Europe since Napoleon by David Thomson




Some time ago, in connection with a different book, I wrote a review that essentially began: “Once in a while, just once in a while, one comes across a book so impressive, so erudite, and so informative that it leaves the reader in awe.” for its achievement and fully rewarded for the experience of reading it.” I did not expect to find another book in the near future to which that description would also apply. I’ve done just that, and my life is immeasurably richer as a result.

The title, Europe since Napoleon, communicates what the book is about. This is not a story from the United States, Asia, China, South America or Africa. Europe is the focus, but the vision is not myopic in any sense. During the period in question, history, of course, documents that some European powers were imperial powers, claiming ownership and rule of colonies all over the world, indeed, on every continent. There was also the detail of two World Wars, which have been given that title because the conflict was almost global in scale. Hence Europe Since Napoleon addresses many aspects of history, politics, and economics that relate to the global interests of European nations, and as such, this book, at least in this reader’s opinion, becomes more a Eurocentric view of world history. rather than a closer discussion of a specific continent. And it must also be added that any Eurocentrism arises almost out of focus, and not from any form of bias or sense of superiority.

However, there is a problem with the title of the book. Europe since Napoleon implies that it could start at the end of the French imperial era, but Europe since Napoleon begins by looking at the circumstances and events that led to Napoleon’s assumption of power. We begin, therefore, with a discussion of pre-revolutionary France and the revolution itself, for it was from these events that the opportunity arose for Napoleon’s assumption of power.

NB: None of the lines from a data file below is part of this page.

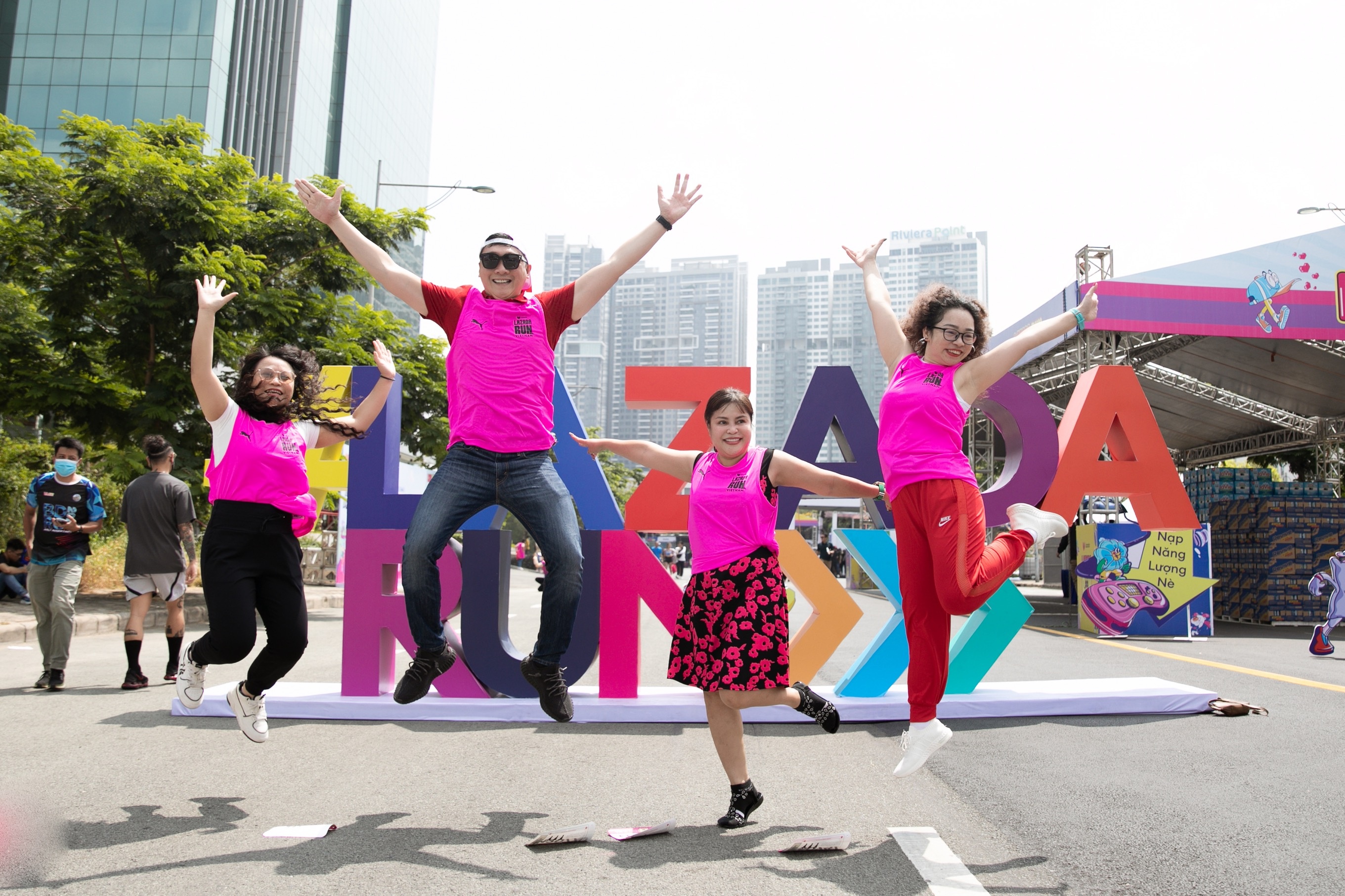 | Nhiều runner rủ nhau check-in các khu vực trò chơi tại sự kiện với áo đấu rực rỡ. |
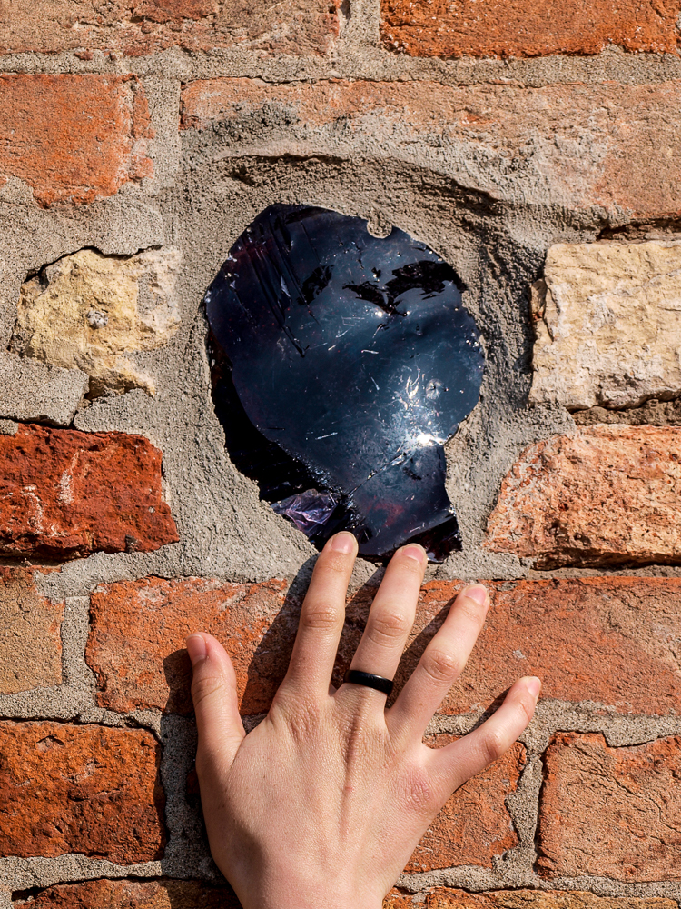 An unfinished brick wall in Murano, near Venice, Italy. A globe of black glass is embedded in the wall, perhaps an superfluous piece from the glass makers'.
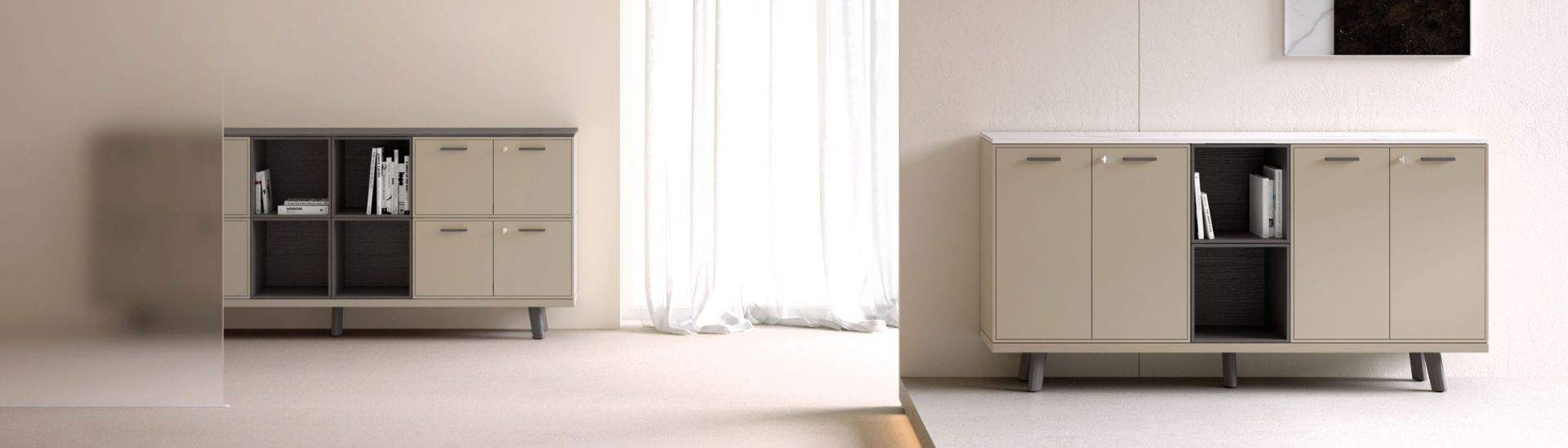 Les Highboards sont les plus grands des trois meubles, avec un Hauteur entre 120 cm et 160 cm. Ils offrent un vaste espace de stockage pour stocker de grandes collections de documents, des matériaux de bureau et même des appareils techniques en toute sécurité et clairement. Leur taille en fait des candidats idéaux pour la délimitation des zones de travail, en particulier dans les environnements de bureaux ouverts. Highboards peut servir de barrières visuelles efficaces et esthétiquement attrayantes en même temps sans bloquer complètement la communication dans la pièce.
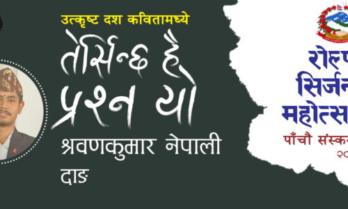 तेर्सिन्छ है प्रश्न यो श्रवणकुमार नेपाली १४ जेष्ठ २०८१, सोमबार हाम्रो मौलिकता छ जीर्ण अहिले अस्ताउँदै छन् रविभोको पेट बजार डुल्नु कसरी
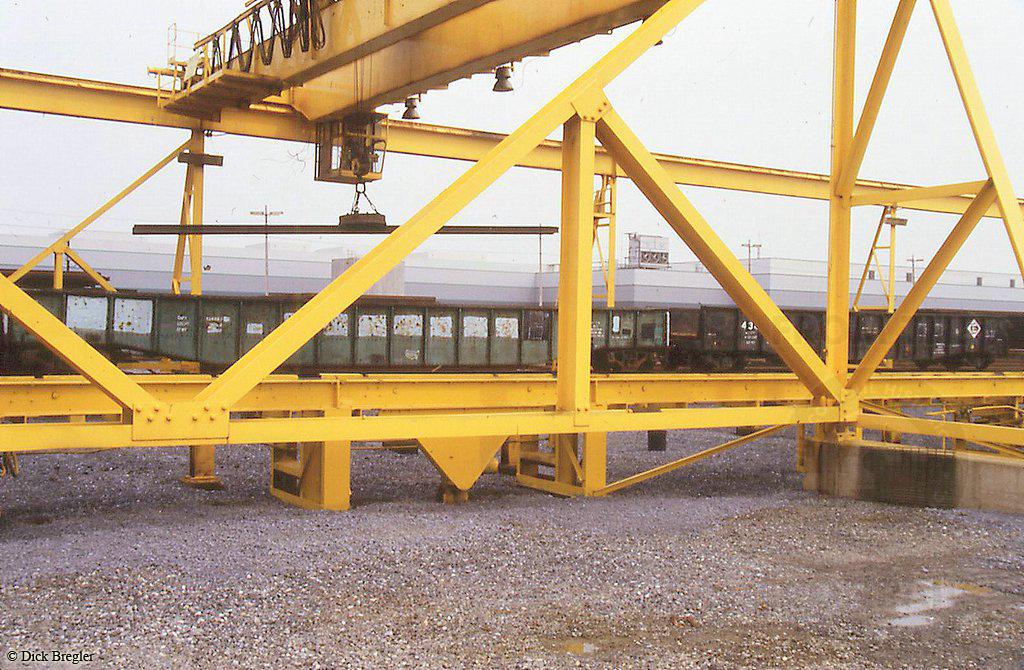 A shot of rail being unloaded from gondolas, one of which appears to be a Reading paint-out at Lucknow in 1986.
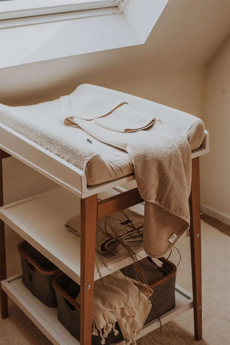 De opbergruimte onderaan de verschoningstafel kan je gebruiken om de luiers, toilettasje, ... in op te bergen. Je gebruikt deze extra opbergruimte optimaal door leuke opbergmandjes te gebruiken. Zo heb je altijd alles snel bij de hand als je de luier van je kindje aan het verschonen bent!
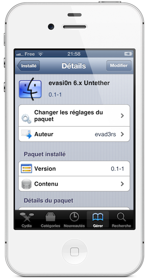 Une fois le paquet evasi0n 6.x Untether installé, il n’y a pas de nouvelle icône ajoutée sur votre Springboard, ni d’option pour le configurer. Tout comme le paquet Rocky Racoon 5.1.1, je vous conseille de le désinstaller avant restauration de votre appareil.
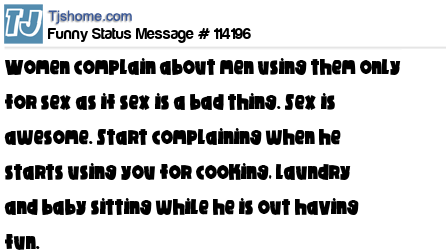 X says Women complain about men using them only for sex as if sex is a bad thing. Sex is awesome. Start complaining when he starts using you for cooking, laundry and baby sitting while he is out having fun.
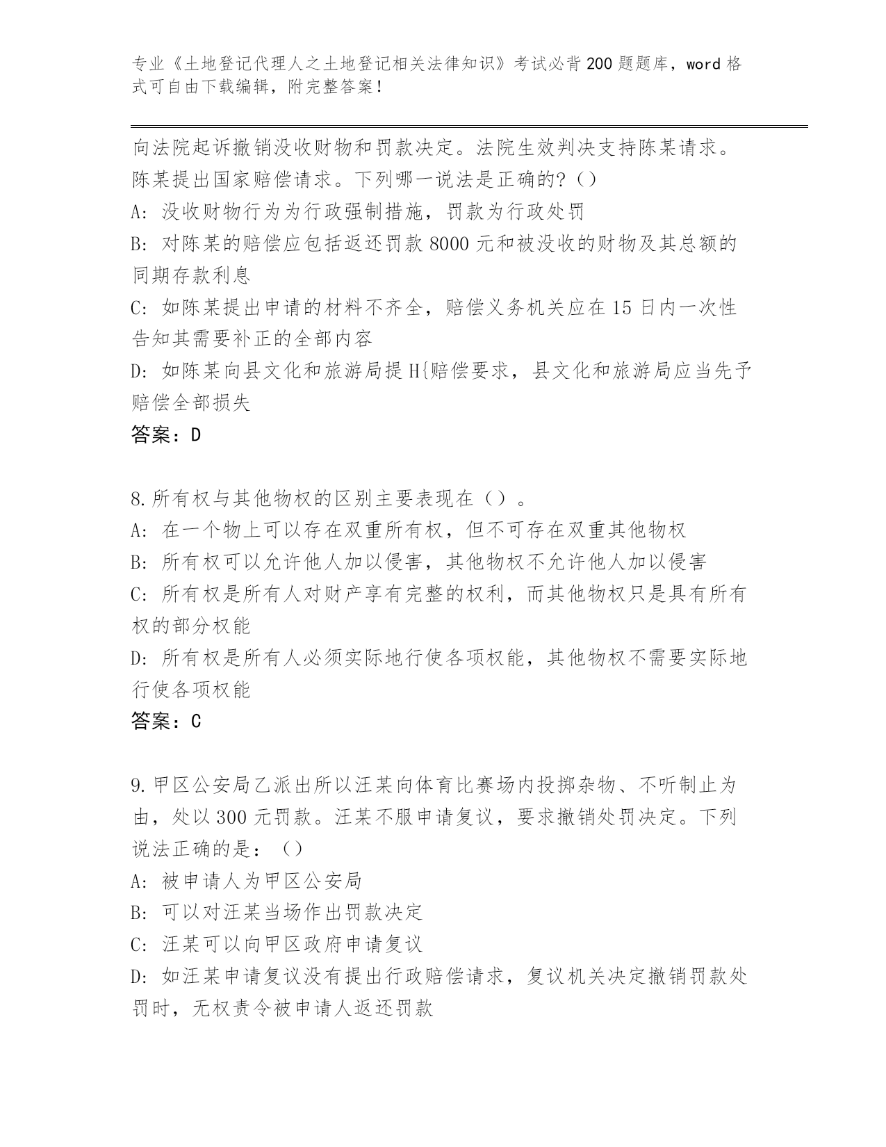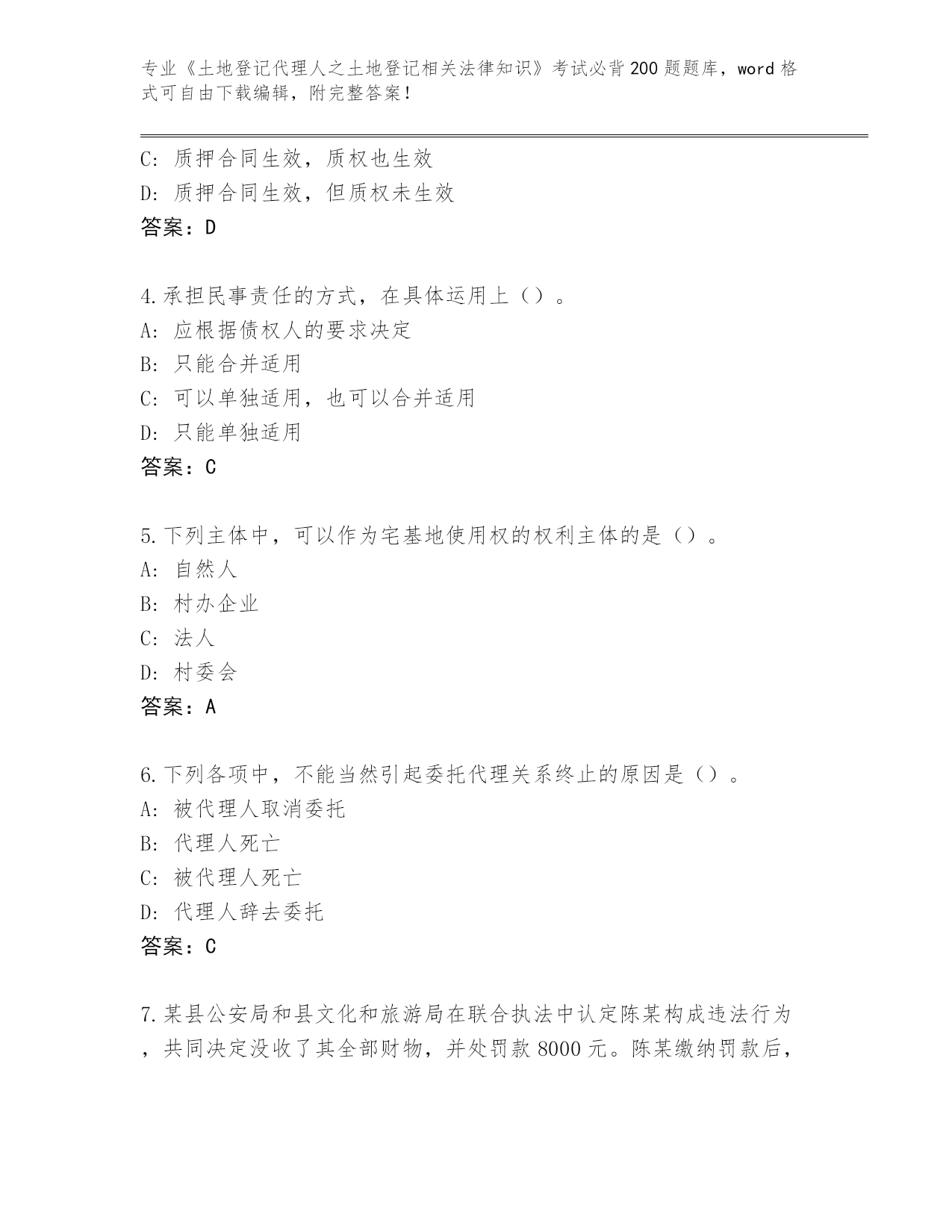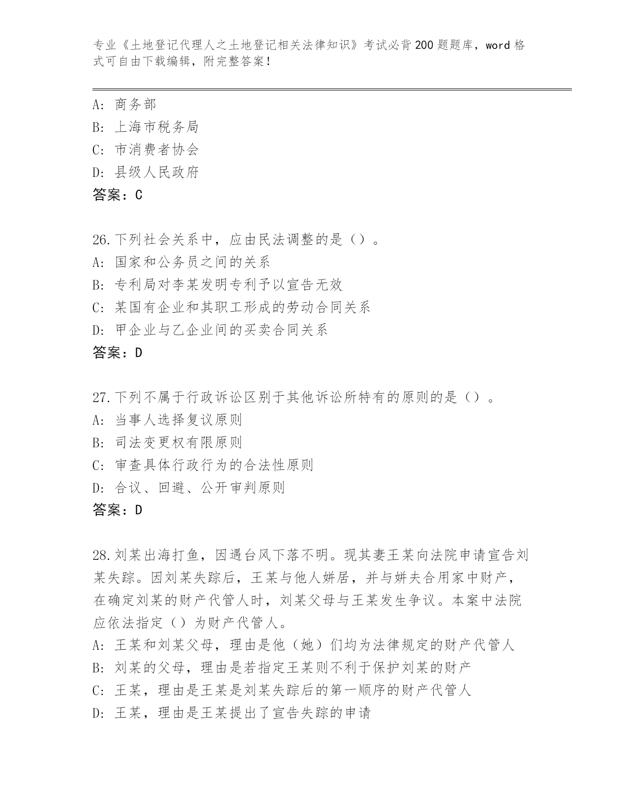 2024黑龙江省泰来县《土地登记代理人之土地登记相关法律知识》资格考试必刷200题真题(网校专用)
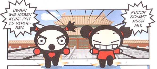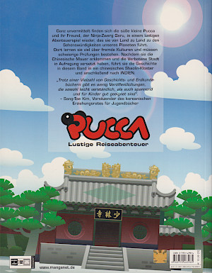 ![]() © 2004 Vooz Egmont MangaPucca ist die Lieferantin des Geo-Ryong-Restaurants. Ihr Freund ist der Ninja Garu. Er trainiert fleißig, kommt aber gegen Pucca nicht an. So wehrt er sich auch bislang erfolglos gegen ihre Annäherungsversuche. Eines Tages findet Garu in einem alten Haus ein Würfelspiel, in dem ein Geist steckt. Dieser überredet Garu, das Spiel zu spielen. Als Spielfiguren sollen Garu und Pucca, die auch mit von der Party ist, einspringen. Garu würfelt als Erster und wird in das Spiel gezogen, woraufhin Pucca hinterher springt. Gemeinsam landen sie auf der Chinesischen Mauer. Um weiter zu kommen müssen die beiden dort eine Aufgabe erfüllen. In der Zwischenzeit erzählt der Würfel die Geschichte der Chinesischen Mauer sowie Geschichten um den Bau der Mauer. Im weiteren Verlauf des Spiels müssen Pucca und Garu zu weiteren Orten in China, um dort Aufgaben auszuführen. Und immer erzählt der Würfel Geschichten dazu. "Pucca" ist eigentlich Lehrbuch für jüngere Kinder. Das merkt man sowohl Inhaltlich als auch Grafisch. Nachteilig wirkt sich dabei vor allem die Computerkolorierung aus. Es ist aber auch eine nette Geschichte für Pucca-Fans, die wissen wollen, was hinter der Figur steckt. Der höhere Preis der Manhwas erklärt sich durch die Größe und die durchgehende Farbe. |

The Napoleonic wars, peace, reform, revolution, socialism, work, the economy, Russian expansion, nationalism, the creation of Italy and Germany, the Franco-Prussian war and the Paris Commune have passed and we still half of the two centuries of coverage of the book remain to be completed. Of course, the Berlin Conference follows, the partition of Africa, the taking over of the rest of the world to turn it into European advantage zones, the Great War, another revolution, boom, depression, strike, major war, atomic bombs, the Curtain of Steel, the suggestion of international cooperation, the rise of science, the nuclear age and the molecular age.

Of course, Europe since Napoleon, like any work of synthesis, cannot even address the claim to be comprehensive. But in his book, David Thomson regularly illustrates how the big issues of the day redraw the map, forge new alliances, create opportunities and transform people’s lives. The author wrote over 400,000 words in almost 1,000 pages and at the end provides a comprehensive bibliography of works that he has undoubtedly read to provide greater depth on most of the topics covered in the book.

But the real strength of Europe since Napoleon is not its coverage, nor its depiction of the events it enumerates, but its narrative. Throughout David Thompson resists the temptation to simply list facts, opting instead for a fluid narrative style that, it must be said, assumes a modicum of prior knowledge. But what if the reader gains from this apparently stylistic plot is a rather brilliant contextualization, a synthesis, and therefore an understanding. This is a thousand page history book that is simply a joy to read, from page one to page 946, to be precise, not counting the appendices.

And, if the above weren’t praise enough, the author’s concluding remarks, written in the 1960s, are ostensibly predictions of where the human race may go in the coming decades and are nothing short of eye-opening. David Thompson not only takes a broader view of history, but also demonstrates a true intellectual vision that is impressive in its scope and exciting in its optimism. Reading this vision sixty years later, one can only wonder, how did this happen on Earth? How did we end up here on Earth? And, after reading this book, the one thing that history has repeatedly taught us is that we can catalogue, describe, and understand, but also that we must not predict, and we must not take anything for granted. History is a guide, but it never repeats itself, never brings us back to the familiar. That was how it happened. What a magnificent book!